(Bloomberg) -- India’s central bank has room to ease interest rates further as lower oil prices have tempered inflation pressures, according to the Organisation for Economic Co-operation and Development.

“Monetary policy should remain accommodative as long as inflation is set to remain comfortably close to the target,” OECD said in its Economic Survey of India.

The view is published less than two hours before the Reserve Bank of India‘s monetary policy decision Thursday, where it is expected to reduce borrowing costs even after inflation breached its medium-term target. Governor Shaktikanta Das has vowed to keep easing for as long as necessary to revive growth in Asia’s third-largest economy, whose expansion cooled to a new six-year low of 4.5% in the quarter ended September.

The OECD said monetary policy transmission remains incomplete and suggested reducing the spread between administered rates on small savings and market rates.

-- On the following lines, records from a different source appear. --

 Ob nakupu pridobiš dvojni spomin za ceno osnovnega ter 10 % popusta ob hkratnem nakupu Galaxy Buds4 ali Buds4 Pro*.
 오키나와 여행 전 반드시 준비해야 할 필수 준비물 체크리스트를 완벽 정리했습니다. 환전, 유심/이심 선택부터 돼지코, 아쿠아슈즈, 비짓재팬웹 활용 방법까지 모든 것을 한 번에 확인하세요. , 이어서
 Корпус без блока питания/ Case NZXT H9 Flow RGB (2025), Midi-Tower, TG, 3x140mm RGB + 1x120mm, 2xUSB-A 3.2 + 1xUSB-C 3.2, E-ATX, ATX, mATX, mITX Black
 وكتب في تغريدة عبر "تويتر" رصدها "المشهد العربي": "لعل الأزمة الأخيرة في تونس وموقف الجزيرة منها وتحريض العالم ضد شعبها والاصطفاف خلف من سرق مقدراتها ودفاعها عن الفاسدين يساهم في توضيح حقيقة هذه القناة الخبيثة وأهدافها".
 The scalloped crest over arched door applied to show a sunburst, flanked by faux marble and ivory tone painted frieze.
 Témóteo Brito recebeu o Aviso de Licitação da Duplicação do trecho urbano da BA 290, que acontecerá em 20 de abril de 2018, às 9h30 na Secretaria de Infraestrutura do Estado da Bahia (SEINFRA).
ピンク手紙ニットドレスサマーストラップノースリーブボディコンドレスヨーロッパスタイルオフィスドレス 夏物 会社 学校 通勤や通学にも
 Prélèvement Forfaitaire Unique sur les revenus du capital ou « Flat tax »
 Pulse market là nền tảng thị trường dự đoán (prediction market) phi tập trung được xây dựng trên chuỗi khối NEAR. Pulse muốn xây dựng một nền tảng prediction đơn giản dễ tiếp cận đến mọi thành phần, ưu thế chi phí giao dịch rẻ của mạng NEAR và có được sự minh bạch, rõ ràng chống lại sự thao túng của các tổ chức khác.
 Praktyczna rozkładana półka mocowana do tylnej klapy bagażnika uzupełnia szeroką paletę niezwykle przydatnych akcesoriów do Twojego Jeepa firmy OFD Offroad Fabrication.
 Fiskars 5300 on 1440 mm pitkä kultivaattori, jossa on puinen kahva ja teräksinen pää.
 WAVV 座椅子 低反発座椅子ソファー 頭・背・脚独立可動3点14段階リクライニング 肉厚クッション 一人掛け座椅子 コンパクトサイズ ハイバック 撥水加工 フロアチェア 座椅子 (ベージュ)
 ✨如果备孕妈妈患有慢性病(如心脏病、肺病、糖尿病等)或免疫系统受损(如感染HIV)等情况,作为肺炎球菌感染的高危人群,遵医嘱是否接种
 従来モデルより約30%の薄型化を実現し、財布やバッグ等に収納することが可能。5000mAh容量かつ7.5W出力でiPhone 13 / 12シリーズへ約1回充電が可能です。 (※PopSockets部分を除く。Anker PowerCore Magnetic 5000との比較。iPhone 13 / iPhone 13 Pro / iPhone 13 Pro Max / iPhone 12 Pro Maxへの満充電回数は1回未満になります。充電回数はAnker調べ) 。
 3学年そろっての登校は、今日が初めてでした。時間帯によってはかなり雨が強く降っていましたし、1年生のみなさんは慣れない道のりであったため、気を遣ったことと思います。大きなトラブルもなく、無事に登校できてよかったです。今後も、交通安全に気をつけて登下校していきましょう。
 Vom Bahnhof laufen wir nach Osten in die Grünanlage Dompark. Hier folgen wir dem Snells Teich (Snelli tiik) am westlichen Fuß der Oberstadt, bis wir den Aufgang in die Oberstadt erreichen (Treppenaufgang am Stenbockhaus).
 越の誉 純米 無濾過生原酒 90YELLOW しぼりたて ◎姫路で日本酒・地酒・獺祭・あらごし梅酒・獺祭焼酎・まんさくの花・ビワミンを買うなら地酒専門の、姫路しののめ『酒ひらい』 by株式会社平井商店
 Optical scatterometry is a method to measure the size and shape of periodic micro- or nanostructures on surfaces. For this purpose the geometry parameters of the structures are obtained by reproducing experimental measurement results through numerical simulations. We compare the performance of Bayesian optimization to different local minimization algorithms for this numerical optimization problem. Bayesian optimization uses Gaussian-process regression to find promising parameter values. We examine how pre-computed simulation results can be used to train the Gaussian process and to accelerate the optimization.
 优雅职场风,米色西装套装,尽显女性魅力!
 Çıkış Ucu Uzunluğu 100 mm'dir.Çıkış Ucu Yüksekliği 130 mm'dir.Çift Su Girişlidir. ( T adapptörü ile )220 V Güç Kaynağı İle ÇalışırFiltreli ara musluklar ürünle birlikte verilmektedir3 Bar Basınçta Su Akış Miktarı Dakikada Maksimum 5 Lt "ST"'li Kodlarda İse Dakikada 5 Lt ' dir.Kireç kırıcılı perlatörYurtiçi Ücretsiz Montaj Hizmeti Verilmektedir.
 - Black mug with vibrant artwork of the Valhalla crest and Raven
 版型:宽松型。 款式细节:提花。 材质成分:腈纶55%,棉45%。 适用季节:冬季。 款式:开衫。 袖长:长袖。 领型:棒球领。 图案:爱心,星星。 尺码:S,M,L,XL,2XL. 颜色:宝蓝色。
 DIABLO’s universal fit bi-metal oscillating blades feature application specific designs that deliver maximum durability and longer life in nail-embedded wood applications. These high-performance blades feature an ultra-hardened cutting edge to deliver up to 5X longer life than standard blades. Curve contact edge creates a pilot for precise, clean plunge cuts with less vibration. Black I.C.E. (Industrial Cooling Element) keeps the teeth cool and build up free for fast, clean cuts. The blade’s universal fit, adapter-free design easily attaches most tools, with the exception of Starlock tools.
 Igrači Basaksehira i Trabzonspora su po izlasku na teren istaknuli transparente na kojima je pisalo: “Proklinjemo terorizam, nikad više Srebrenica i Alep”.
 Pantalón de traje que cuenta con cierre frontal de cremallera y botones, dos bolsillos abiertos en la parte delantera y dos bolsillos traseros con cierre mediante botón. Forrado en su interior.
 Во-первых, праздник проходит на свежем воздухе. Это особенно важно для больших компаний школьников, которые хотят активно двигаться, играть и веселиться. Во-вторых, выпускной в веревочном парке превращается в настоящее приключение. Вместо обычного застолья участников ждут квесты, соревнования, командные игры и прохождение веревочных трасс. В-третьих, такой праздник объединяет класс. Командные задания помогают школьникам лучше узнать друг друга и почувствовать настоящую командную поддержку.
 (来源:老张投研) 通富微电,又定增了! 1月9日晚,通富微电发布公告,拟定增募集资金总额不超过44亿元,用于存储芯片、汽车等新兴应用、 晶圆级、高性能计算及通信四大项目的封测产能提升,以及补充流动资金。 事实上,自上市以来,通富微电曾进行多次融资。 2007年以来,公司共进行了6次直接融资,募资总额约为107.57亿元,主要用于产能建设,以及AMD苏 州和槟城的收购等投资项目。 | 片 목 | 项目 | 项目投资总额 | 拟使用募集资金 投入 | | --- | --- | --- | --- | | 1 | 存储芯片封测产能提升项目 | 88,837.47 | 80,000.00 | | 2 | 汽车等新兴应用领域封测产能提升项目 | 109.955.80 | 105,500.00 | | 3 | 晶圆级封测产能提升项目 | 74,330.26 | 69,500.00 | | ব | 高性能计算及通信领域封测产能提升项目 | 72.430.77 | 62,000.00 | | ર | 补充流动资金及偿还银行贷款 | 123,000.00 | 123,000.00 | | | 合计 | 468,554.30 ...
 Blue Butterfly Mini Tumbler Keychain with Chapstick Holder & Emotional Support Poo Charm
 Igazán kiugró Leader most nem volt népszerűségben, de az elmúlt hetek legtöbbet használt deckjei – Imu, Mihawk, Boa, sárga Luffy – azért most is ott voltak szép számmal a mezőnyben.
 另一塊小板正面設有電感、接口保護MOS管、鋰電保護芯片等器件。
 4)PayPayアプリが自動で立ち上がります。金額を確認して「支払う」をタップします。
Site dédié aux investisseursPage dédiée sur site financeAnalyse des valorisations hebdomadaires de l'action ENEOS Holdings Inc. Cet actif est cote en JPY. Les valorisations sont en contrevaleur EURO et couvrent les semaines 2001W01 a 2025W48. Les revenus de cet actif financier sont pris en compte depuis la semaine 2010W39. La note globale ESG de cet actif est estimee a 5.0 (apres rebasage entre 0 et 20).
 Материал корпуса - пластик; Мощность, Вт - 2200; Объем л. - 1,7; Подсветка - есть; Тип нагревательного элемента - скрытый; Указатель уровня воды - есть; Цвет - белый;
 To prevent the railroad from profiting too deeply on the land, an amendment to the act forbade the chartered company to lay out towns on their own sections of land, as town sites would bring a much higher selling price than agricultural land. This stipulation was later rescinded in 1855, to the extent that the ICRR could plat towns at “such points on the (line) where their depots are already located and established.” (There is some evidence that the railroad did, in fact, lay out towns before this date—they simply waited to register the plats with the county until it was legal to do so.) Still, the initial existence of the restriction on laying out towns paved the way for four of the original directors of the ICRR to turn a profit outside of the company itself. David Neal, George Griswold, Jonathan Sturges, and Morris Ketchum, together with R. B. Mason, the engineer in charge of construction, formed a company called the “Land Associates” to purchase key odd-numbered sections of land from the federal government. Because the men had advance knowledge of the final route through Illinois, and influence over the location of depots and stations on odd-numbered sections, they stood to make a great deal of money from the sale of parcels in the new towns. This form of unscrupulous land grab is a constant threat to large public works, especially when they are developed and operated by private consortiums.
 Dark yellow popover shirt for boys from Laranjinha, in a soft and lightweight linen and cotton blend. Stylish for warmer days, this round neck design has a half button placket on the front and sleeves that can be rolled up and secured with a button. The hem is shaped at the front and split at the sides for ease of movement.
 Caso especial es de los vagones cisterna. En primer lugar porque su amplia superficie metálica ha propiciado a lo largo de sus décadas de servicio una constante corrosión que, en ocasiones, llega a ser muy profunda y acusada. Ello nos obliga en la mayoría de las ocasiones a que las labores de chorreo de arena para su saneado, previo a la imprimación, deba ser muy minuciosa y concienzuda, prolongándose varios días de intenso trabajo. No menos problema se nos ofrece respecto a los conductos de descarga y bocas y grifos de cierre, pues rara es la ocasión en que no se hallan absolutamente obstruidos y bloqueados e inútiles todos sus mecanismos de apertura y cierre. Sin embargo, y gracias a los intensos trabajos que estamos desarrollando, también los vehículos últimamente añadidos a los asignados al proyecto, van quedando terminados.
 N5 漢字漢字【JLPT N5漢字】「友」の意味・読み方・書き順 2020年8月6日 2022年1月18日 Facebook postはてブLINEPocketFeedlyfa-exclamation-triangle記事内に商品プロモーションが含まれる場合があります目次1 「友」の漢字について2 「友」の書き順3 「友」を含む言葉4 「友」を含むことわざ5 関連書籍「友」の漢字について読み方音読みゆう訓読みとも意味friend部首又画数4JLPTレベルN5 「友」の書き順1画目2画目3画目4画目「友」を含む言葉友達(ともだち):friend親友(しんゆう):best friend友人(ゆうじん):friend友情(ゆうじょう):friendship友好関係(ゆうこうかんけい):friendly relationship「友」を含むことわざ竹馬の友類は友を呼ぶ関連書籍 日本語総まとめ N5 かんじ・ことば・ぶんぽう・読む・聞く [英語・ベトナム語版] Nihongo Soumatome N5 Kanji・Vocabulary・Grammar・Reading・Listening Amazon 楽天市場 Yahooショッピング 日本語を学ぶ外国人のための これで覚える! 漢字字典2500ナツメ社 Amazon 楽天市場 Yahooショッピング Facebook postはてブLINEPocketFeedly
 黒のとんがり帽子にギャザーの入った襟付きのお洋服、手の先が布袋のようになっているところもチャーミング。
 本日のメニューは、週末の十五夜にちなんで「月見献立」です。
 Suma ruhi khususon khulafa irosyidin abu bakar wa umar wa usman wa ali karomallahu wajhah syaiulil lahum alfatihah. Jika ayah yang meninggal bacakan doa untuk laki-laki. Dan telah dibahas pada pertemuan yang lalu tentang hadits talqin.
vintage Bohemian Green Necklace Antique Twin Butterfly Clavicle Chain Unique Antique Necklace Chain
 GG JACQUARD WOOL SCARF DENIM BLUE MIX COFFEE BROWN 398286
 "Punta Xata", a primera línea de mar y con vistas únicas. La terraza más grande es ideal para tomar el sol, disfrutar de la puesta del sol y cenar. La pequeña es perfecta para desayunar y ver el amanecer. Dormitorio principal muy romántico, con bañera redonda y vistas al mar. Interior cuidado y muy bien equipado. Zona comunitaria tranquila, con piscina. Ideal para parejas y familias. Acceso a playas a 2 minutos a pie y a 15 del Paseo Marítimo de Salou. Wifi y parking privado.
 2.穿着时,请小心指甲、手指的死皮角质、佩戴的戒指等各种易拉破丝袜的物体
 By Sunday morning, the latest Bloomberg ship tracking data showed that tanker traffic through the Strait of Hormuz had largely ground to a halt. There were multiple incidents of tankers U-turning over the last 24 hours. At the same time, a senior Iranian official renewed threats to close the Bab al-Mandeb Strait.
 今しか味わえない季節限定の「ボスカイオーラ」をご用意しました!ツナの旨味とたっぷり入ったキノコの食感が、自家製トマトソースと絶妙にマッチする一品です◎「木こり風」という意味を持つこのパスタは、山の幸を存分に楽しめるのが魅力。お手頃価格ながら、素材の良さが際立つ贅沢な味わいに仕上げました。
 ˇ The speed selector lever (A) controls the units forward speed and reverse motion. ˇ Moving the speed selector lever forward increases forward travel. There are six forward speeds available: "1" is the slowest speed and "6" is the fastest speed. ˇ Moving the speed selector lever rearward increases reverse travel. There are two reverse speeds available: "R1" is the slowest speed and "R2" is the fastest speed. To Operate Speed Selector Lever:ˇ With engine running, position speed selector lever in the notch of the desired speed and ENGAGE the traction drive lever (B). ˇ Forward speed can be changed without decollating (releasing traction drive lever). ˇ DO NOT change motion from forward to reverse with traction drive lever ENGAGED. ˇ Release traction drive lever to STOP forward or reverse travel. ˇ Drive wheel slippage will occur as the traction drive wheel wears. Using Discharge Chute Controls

The spread between the central bank’s key policy rate and the weighted average lending rate on outstanding loans from commercial banks is the highest in data going back to February 2012.

The Paris-based organization also raised concerns on off-budget spending by the government. India’s real fiscal gap, including off-budget borrowings of 540 billion rupees ($7.6 billion), is seen at 3.55% of gross domestic product in the year to March 2020, according to the finance ministry’s estimates, compared with its 3.3% headline target.

“Improve transparency on off-budget transactions and contingent liabilities, for example, by creating an independent fiscal council,“ the OECD said. It also suggested raising “more tax revenue by removing the tax expenditures that most benefit the rich, freezing nominal personal income tax brackets and improving compliance.”